Subtract the Total of Necessities from You Income

Once you have done this, you have your “bottom line.” If that bottom line is zero or in the negative range, then you are going to have to make some changes – we’ll cover those later. With luck, however, your bottom line will be in positive territory.

Divide Up What is Left

This comes down to a matter of preference. How important are the near necessities weighed against the “nice to haves.” You have to make those decisions. One thing, however, is for certain: You must pay yourself first.

“Paying yourself first” means that you will need to put some money aside in some type of savings account. The “rule” used to be that 10% should go into savings, but that is just not always possible, especially if you don’t even have 10% left over. The reason you must do this is two-fold:

  • Emergencies will come, like a trip to the doctor or dentist, and you need to have the funds to cover those expenses.
  • You need to develop the habit of setting aside a certain amount of money. As you get further along in your career and begin to earn more, than the amount you save should increase.

Apportion What is Left

The amount that you have left is what is available for the non-necessities – this is the amount that you can choose to spend on whatever you wish.

Make Adjustments as Necessary

You may get a raise – try to put at least 5% in that savings and then apportion the rest to other things. There may be bad adjustments too. Your rent may go up; groceries are costing you more than before. You will have to make adjustments for these things as they occur.

The Bad Scenario – Your Necessities Cost More Than Your Income

This is not a good place to be for certain, and you will have to make some tough choices now.

1.    Determine exactly how much more you need to meet your expenses and to set a bit aside for emergencies.

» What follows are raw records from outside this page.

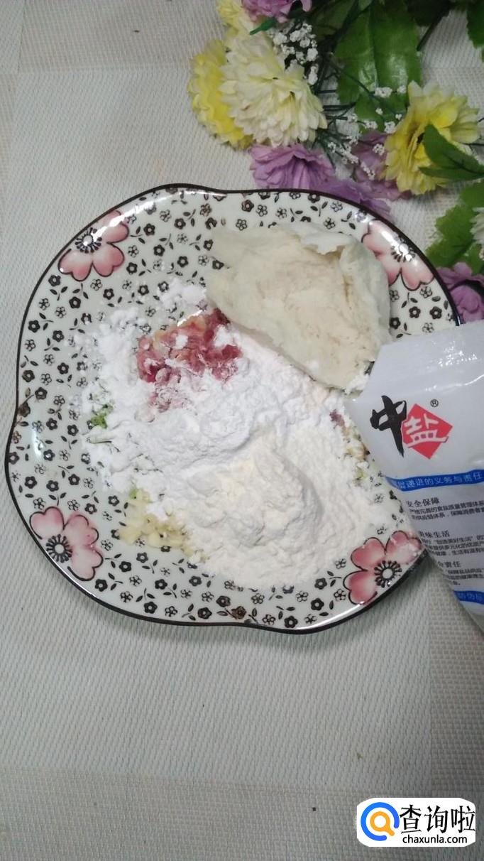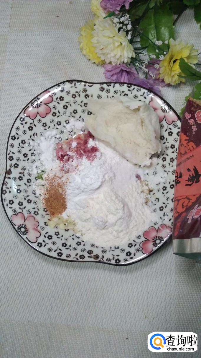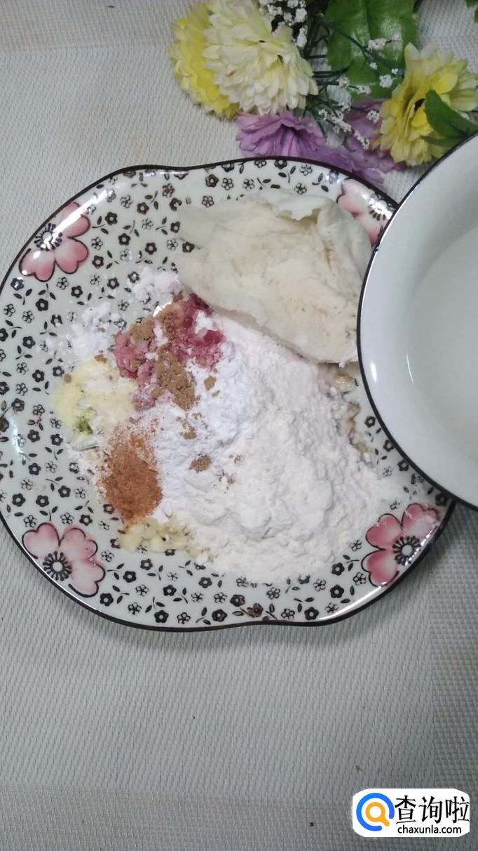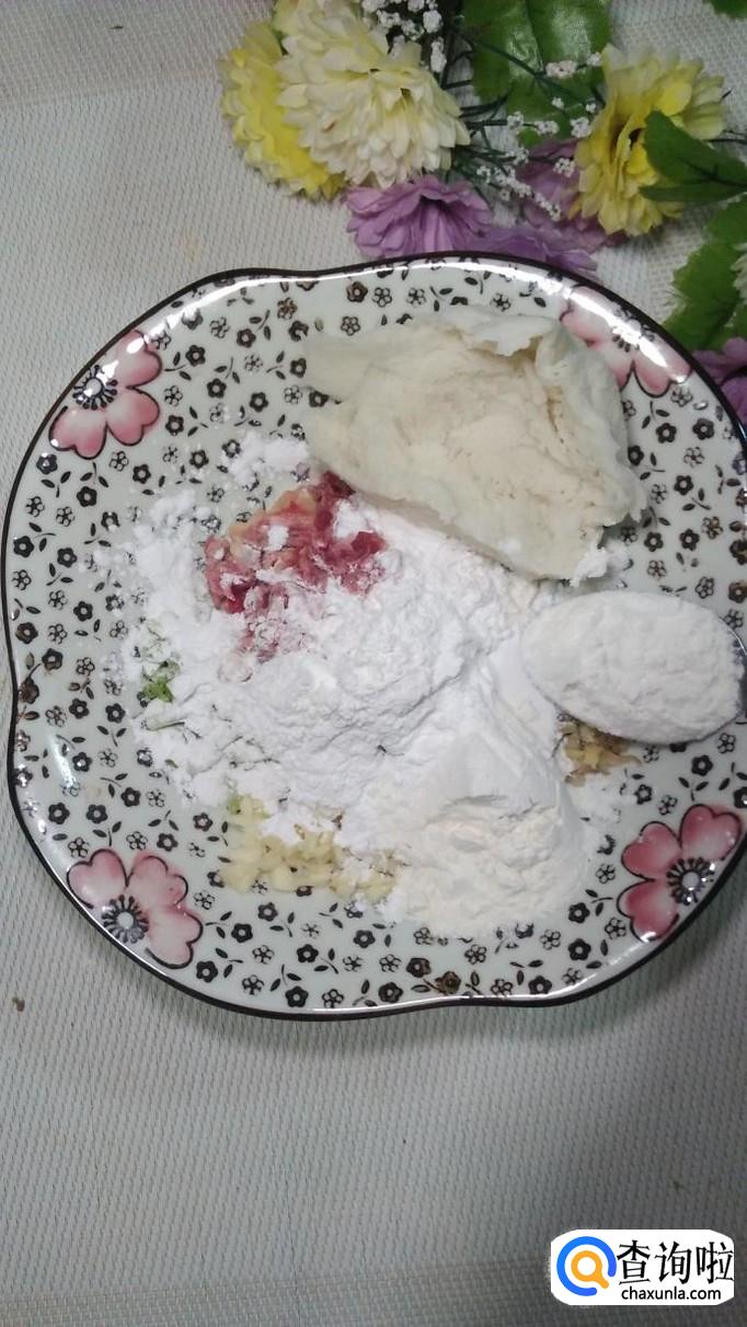 放入适量的面粉,淀粉,糯米粉,面粉,淀粉,糯米粉的比例最好是1:1:1。
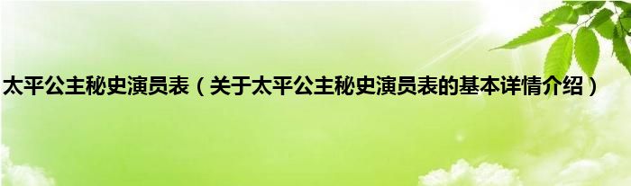 本文关于太平公主秘史演员表的基本详情介绍就讲解完毕,希望对大家有所帮助。
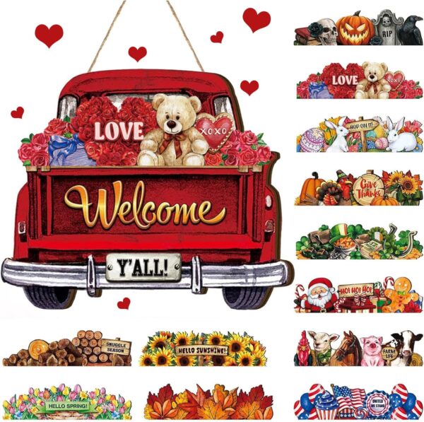 Easy to Use: our seasonal welcome signs are not only beautiful to look at, but are also versatile and easy to use; Change your front door decor instantly by swapping the seasonal decor sign on the truck, our sign for front door is easy to use and has a hidden pocket slot behind the wooden fence of the truck where you can place different cards depending on the season, and it will then be securely fastened
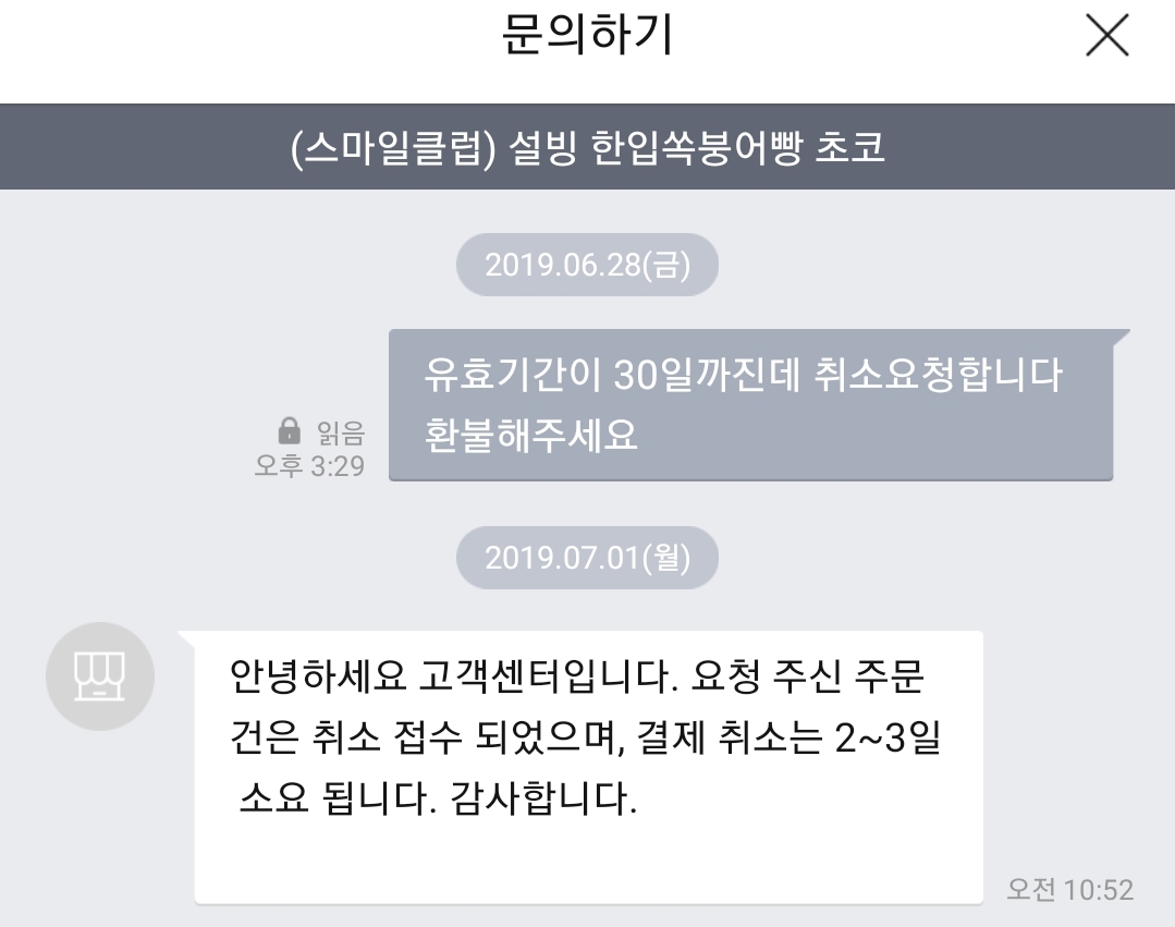 고객센터에서 3일이내 환불해준다는 답변을 믿고
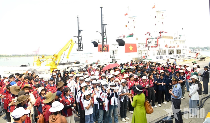 Ngày 11-4, tại xã Núi Thành, TP Đà Nẵng, Chi đội Kiểm ngư số 3 tổ chức đón tiếp gần 300 giáo viên, học sinh Trường Trung học cơ sở Nguyễn Du (thuộc xã Trà My, TP Đà Nẵng) đến tham quan, tìm hiểu truyền thống và giao lưu trải nghiệm tại Chi đội. Đồng chí Đỗ Đức Liêm, Phó chi đội trưởng Chi đội Kiểm ngư số 3 chủ trì đón tiếp đoàn.
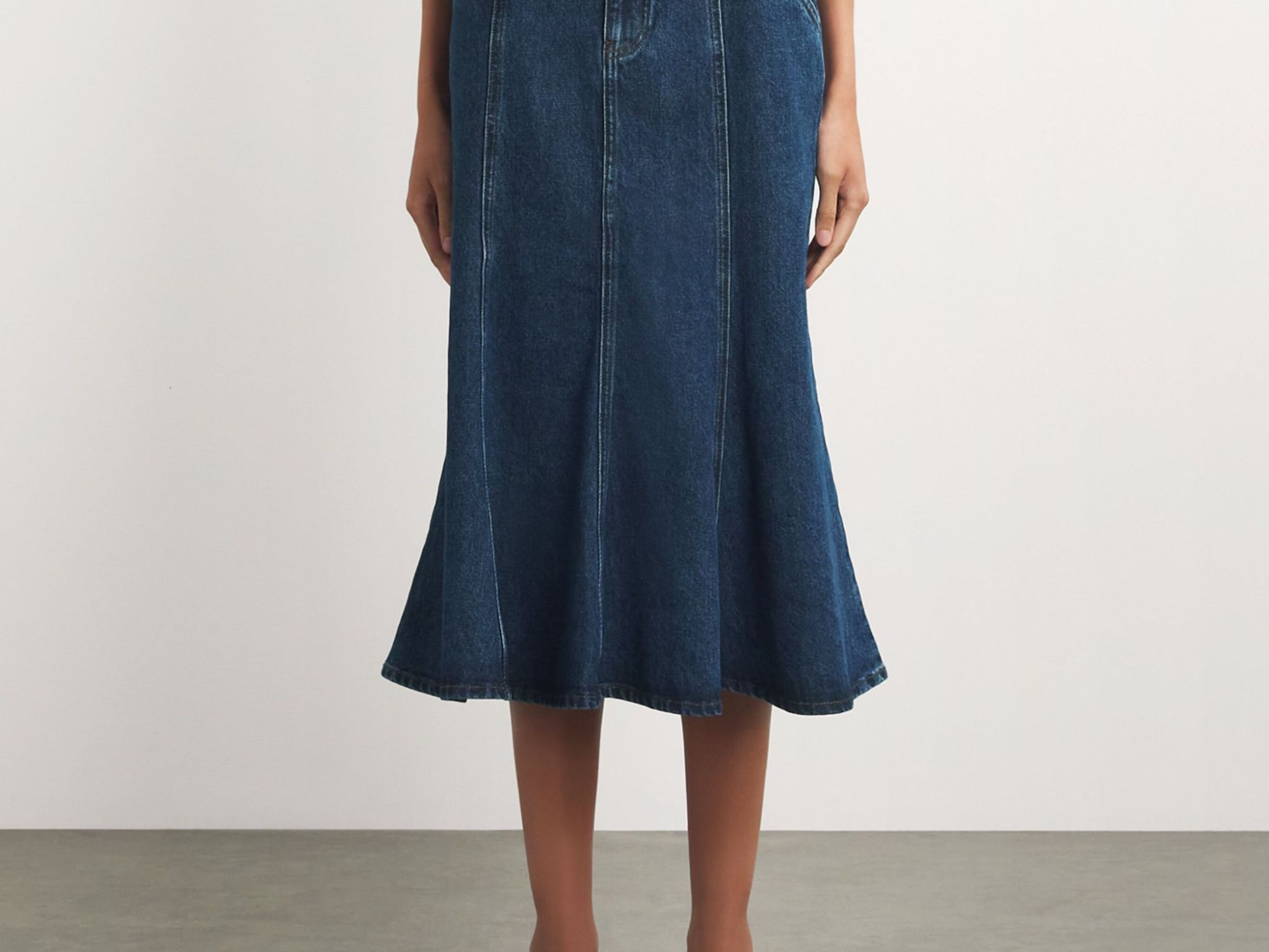 Crafted from denim for everyday ease and Western-inspired charm, this midi skirt boasts a flattering fit and flared silhouette that exudes a feminine allure. Simply dress it up or down to suit your occasion.
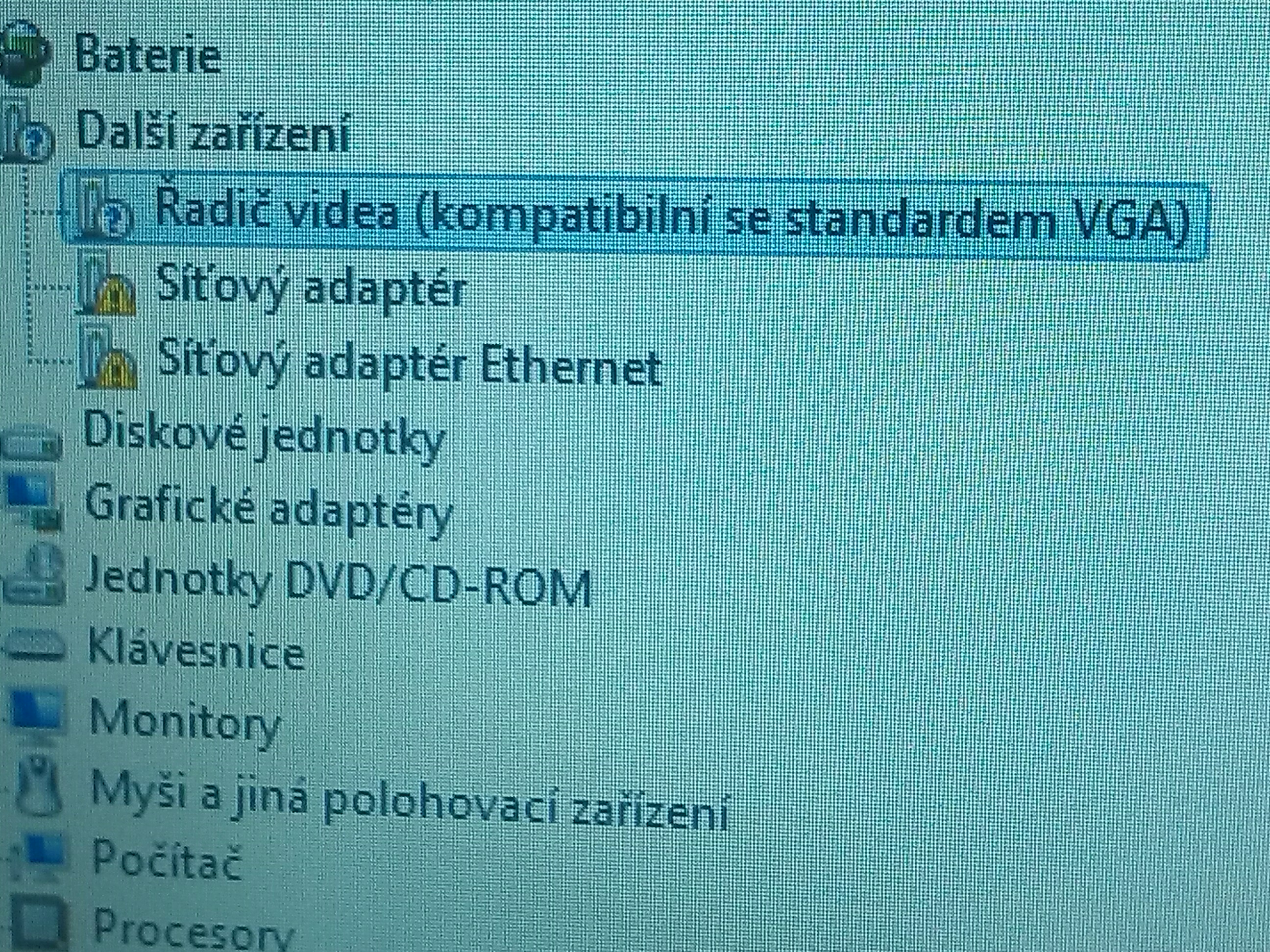 Vykřičník u adaptéru pro síť i pro Ethernet.
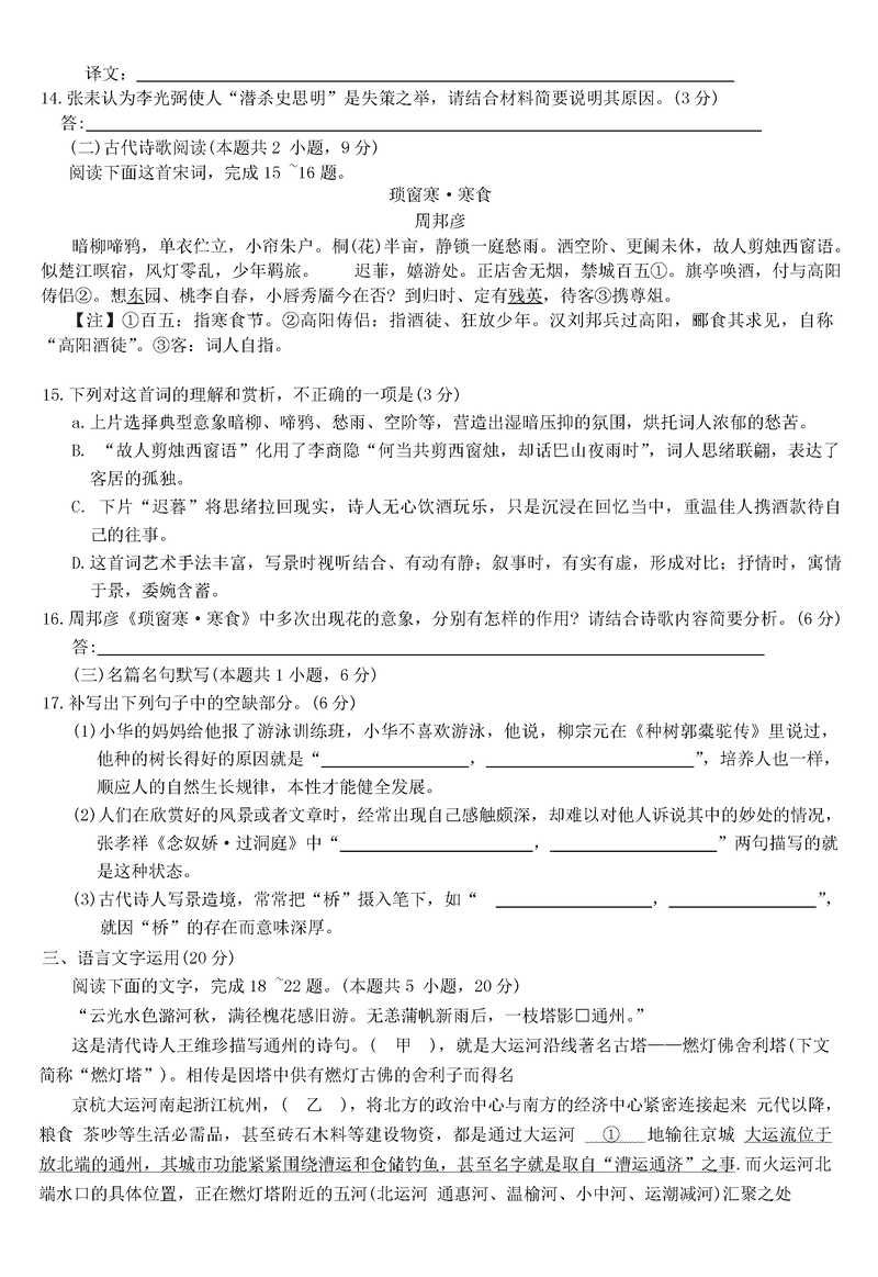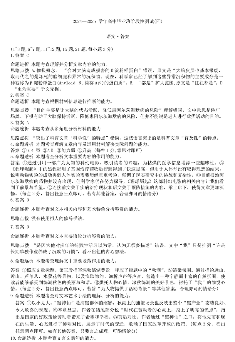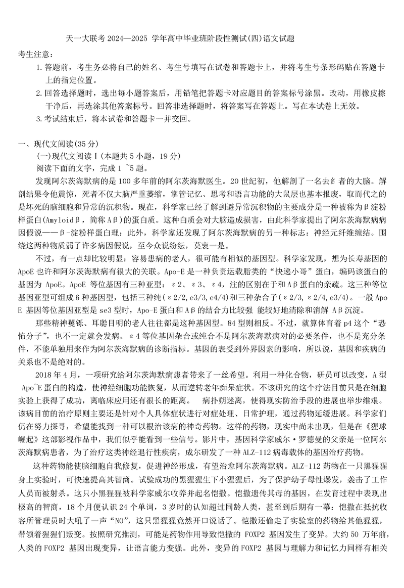 河南天一大联考2024-2025学年高三阶段性测试(四)语文试题及答案

2.    If it is not a large amount, can you find that money by cutting down grocery expenses or finding a cheaper phone or cable TV plan?

3.    If the amount is significant, then you will have to consider other options:

  • You may have to “moonlight” by finding another small job that will bring in the income you need.
  • You may have to consider reducing your housing costs by finding something cheaper to rent.

If the Culprit is Credit Card Debt

You obviously know that you will need to get your credit card debt down and set a plan for eventually eliminating it. Right now, however, you have a more immediate concern. Here is how to proceed:

1.    Call each of your credit card companies and tell them that you cannot make the current required monthly payment and ask for a reduced one. You will be surprised how much they are willing to work with you. They don’t want you declaring bankruptcy as they will never get paid.

2.    Once you have achieved lower payments, you have to implement a plan for eliminating that debt entirely – it is really the worst debt you can have. There are several options for doing this, so go online and find one that will work for you.

You have now been through the process of establishing a budget – it was not that hard. Now, you have a plan. You know exactly how much money you can spend on non-necessities each month. Set that money aside and when it is gone, it is gone – no dipping into that savings!